Williamson fait suivre un instrumental en deux parties, aussi surprenant qu'il puise dans les tonalités nocturnes et tribales : « Night Theme ». Le morceau est prenant et angoissant, son ambiance est tribale, sauvage, il n'est pas qu'une simple parenthèse. « Consolation Prizes » qui suit est une véritable démonstration de Rolling Stones à la version Stooges. Puissant, nerveux, sans concession, il n'est pas Hard, il a du nerf et de la virtuosité.


« No Sense Of Crime » est un magnifique morceau électro-acoustique, qui n'est pas sans rappeler …. « Wild Horses » des Rolling Stones. Iggy Pop déclame, sa voix a la profondeur d'un crooner Soul, davantage que Mick Jagger. « Lucky Monkeys » prolonge cette voie, enrichie d'harmonica poussiéreux. L'ambiance est vaporeuse, hantée, rare. « Master Charge » est un épais Boogie-Blues cancéreux tenu à la Pedal-Steel. C'est un instrumental, complété de piano Fender Rhodes, coda cancéreuse qu'illumine quelques chorus de guitare, celle de Williamson. Kill City est un tellement bon album. Enfin doté de sa vraie qualité sonore, il devient le premier vrai album solo d'Iggy Pop, et à mon sens, son meilleur.

tous droits réservés

3 commentaires:

Malvers a dit…

Merci Budgie, ça fait du bien! C'est tout à fait ça, une fusion des stones et stooges! Iggy est plus accessible... ça me manquait, génial!
Roooh et cette sublime photo où ils embrassent le merveilleux fessier d'une jolie brune!

Anonyme a dit…

Oups ! J'ai un train de retard : je ne savais que "Kill City" avait été remixé. Et là, effectivement, la donne est différente ; tout simplement meilleure. Du coup, ça fait un disque à réhabiliter.
Du "stones meets The Stooges". C'est tout à fait ça.

(avec en plus, à mon sens, du Kiss pour "Kill City" et du Alice Cooper pour "Consolation Prizes")

[et encore un article aux p'tits oignons]

Julien Deléglise a dit…

A Aurélien : J'ai toujours beaucoup aimé ce disque, même en version originale. Et j'ai beaucoup de respect pour le jeu de Williamson, qui a à la fois beaucoup d'agressivité et de classe.

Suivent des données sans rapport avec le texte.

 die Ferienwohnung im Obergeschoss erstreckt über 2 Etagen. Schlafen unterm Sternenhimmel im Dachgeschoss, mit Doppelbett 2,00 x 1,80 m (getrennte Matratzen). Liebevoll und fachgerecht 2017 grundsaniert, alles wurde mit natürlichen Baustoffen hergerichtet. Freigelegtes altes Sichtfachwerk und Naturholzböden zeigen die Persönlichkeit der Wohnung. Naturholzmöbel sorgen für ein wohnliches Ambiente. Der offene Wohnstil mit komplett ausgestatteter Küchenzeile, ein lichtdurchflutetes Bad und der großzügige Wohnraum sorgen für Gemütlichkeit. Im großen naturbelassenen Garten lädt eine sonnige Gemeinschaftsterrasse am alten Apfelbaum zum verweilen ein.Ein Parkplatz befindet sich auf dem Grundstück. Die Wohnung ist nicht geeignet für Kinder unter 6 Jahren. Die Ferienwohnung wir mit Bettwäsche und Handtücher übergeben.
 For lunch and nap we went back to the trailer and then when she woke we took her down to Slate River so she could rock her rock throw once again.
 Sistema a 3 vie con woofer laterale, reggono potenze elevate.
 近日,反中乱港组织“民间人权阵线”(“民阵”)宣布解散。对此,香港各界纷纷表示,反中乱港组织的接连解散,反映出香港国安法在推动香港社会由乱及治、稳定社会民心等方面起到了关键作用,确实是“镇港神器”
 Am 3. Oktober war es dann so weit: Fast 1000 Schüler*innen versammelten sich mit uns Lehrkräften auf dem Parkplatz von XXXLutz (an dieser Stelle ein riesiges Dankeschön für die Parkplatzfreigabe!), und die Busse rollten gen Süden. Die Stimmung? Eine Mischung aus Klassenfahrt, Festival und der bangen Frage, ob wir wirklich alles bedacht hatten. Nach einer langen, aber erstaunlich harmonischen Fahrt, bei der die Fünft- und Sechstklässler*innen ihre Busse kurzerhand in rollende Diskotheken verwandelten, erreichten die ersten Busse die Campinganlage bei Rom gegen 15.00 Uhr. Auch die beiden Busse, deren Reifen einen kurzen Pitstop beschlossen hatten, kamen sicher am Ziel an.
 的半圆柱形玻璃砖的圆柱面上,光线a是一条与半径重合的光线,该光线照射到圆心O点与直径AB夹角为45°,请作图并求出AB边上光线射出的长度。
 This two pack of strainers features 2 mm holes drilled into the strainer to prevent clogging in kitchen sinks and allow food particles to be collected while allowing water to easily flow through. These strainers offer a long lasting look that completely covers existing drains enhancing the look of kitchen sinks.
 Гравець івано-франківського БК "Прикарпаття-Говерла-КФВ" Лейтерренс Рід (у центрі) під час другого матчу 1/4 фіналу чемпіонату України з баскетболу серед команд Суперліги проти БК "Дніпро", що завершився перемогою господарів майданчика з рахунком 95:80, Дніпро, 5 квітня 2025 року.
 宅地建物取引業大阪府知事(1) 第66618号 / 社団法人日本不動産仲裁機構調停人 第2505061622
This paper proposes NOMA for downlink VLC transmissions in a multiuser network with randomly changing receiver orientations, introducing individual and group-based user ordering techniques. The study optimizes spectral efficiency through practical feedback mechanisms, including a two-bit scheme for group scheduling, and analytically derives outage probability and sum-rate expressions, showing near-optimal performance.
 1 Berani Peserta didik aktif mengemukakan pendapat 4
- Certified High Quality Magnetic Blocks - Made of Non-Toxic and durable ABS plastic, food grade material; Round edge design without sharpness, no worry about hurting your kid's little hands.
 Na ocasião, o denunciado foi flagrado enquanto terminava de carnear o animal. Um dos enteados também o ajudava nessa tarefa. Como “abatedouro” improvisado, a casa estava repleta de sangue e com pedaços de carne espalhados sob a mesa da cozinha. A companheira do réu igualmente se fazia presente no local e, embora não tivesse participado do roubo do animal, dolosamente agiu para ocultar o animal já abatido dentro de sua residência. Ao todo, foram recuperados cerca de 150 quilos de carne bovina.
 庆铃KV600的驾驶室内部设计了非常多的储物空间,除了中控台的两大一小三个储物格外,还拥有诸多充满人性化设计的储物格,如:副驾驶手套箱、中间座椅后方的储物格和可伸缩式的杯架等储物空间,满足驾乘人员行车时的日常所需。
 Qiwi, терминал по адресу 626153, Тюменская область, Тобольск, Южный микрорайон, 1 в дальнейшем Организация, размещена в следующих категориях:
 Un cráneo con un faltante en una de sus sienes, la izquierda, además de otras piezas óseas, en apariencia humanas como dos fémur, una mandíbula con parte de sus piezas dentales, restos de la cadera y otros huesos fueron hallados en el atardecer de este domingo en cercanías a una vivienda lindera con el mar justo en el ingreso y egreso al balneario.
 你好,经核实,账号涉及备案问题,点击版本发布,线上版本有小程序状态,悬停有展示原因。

A Bruno : je dois t'avouer que j'ai découvert cette version restaurée il y a peu. personne n'en a vraiment parlé, car je pense que la presse Rock est majoritairement contre ces bandes retravaillées, car cela pollue l'esprit originel du disque, fut-il médiocre. La version restaurée de "Raw Power" par Iggy avait un tollé, alors que ce qu'il a fait, c'est restitué le disque tel qu'il aurait dû être, avec toute sa puissance. Ici,Williamson a entrepris le travail de mixage qui n'avait jamais été fait, et le résultat est superbe.